**Task to complete**
The lines below, from the one containing "According to Towards" through the one containing "5種類のハンバーガーフライド", should be set down exactly, with no pictures and nothing else.

*** Provided material ***

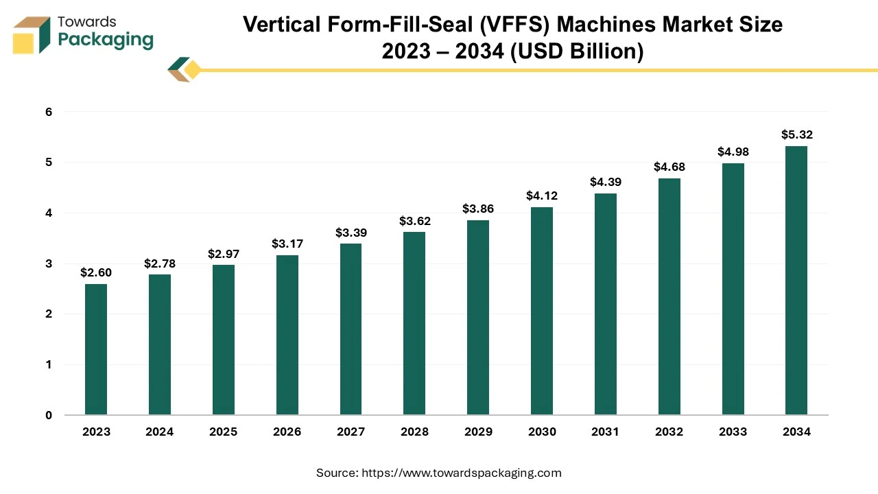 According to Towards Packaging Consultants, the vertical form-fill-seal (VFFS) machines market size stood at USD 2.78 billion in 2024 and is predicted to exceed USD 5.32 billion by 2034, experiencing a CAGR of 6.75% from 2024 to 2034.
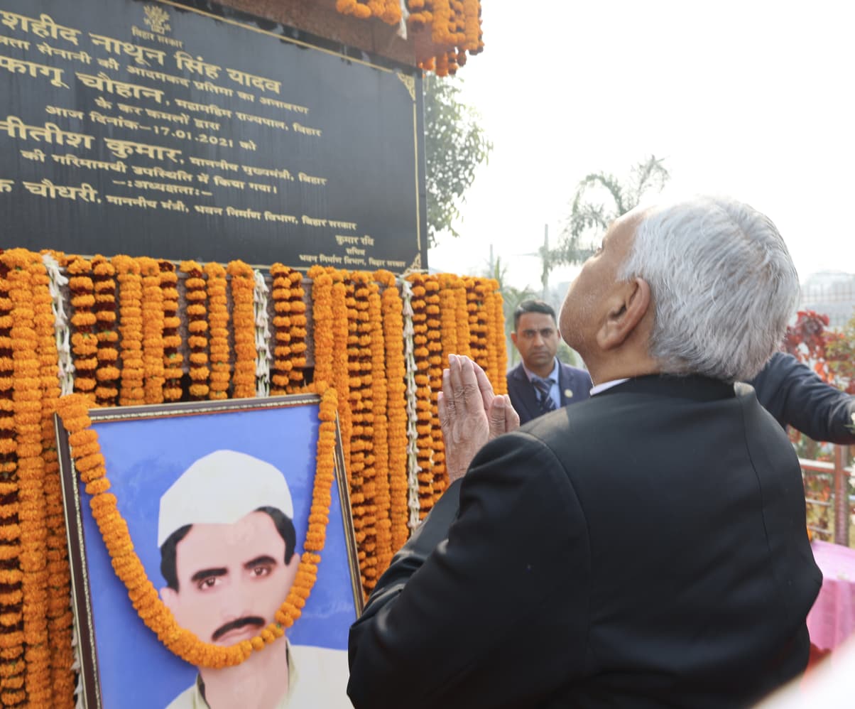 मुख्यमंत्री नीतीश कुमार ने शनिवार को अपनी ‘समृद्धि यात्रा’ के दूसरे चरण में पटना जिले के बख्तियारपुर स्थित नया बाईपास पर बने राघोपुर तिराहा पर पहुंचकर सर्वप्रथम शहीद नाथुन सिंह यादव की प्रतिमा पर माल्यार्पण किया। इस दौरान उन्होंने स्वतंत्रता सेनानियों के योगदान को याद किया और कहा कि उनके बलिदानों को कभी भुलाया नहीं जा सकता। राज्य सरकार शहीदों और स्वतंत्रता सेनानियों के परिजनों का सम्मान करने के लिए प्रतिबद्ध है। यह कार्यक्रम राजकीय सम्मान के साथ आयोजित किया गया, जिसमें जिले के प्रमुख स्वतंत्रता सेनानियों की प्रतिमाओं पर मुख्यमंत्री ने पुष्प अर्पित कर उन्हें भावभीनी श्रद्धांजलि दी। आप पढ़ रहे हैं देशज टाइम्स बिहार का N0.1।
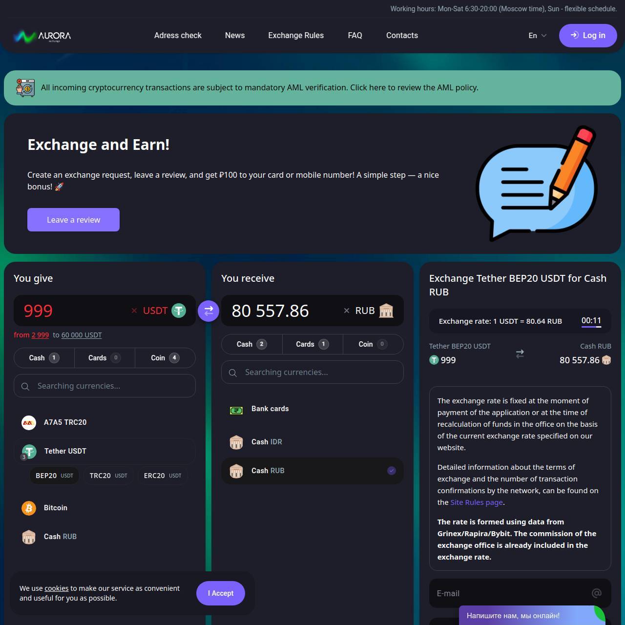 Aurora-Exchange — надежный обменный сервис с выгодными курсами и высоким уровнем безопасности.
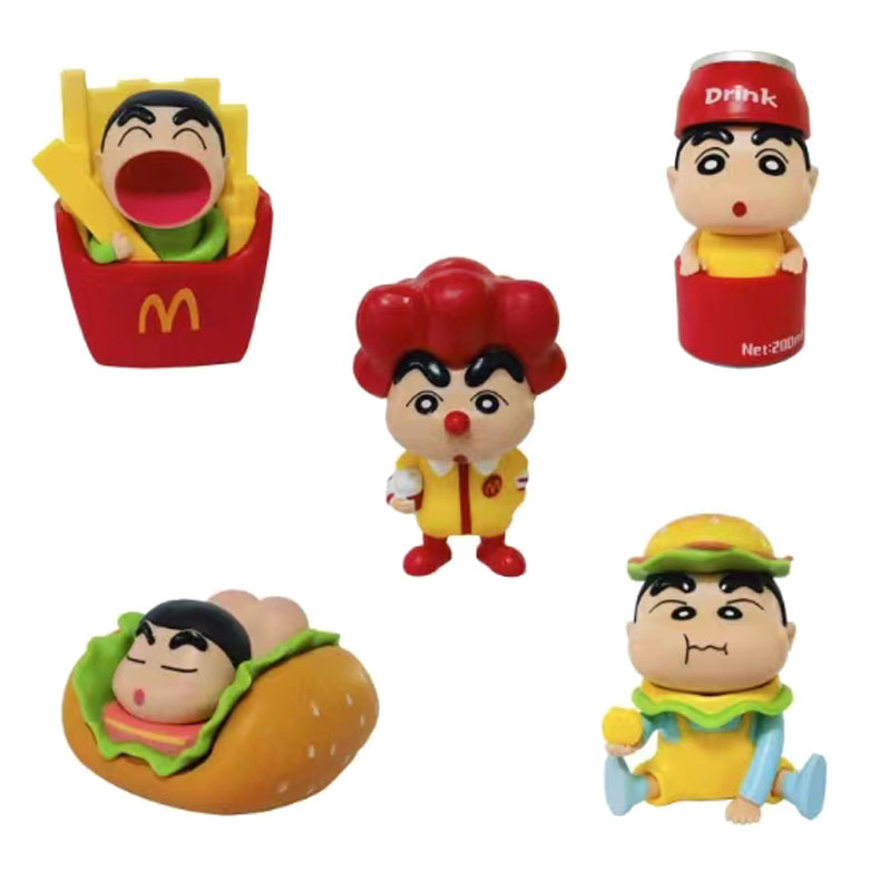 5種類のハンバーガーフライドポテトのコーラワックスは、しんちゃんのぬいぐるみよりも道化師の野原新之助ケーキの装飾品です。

***
*** Provided material ***

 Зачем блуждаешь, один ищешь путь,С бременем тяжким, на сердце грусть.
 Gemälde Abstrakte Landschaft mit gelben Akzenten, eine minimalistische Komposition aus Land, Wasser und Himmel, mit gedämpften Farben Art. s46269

***

**The answer**
 According to Towards Packaging Consultants, the vertical form-fill-seal (VFFS) machines market size stood at USD 2.78 billion in 2024 and is predicted to exceed USD 5.32 billion by 2034, experiencing a CAGR of 6.75% from 2024 to 2034.
 मुख्यमंत्री नीतीश कुमार ने शनिवार को अपनी ‘समृद्धि यात्रा’ के दूसरे चरण में पटना जिले के बख्तियारपुर स्थित नया बाईपास पर बने राघोपुर तिराहा पर पहुंचकर सर्वप्रथम शहीद नाथुन सिंह यादव की प्रतिमा पर माल्यार्पण किया। इस दौरान उन्होंने स्वतंत्रता सेनानियों के योगदान को याद किया और कहा कि उनके बलिदानों को कभी भुलाया नहीं जा सकता। राज्य सरकार शहीदों और स्वतंत्रता सेनानियों के परिजनों का सम्मान करने के लिए प्रतिबद्ध है। यह कार्यक्रम राजकीय सम्मान के साथ आयोजित किया गया, जिसमें जिले के प्रमुख स्वतंत्रता सेनानियों की प्रतिमाओं पर मुख्यमंत्री ने पुष्प अर्पित कर उन्हें भावभीनी श्रद्धांजलि दी। आप पढ़ रहे हैं देशज टाइम्स बिहार का N0.1।
 Aurora-Exchange — надежный обменный сервис с выгодными курсами и высоким уровнем безопасности.
 5種類のハンバーガーフライドポテトのコーラワックスは、しんちゃんのぬいぐるみよりも道化師の野原新之助ケーキの装飾品です。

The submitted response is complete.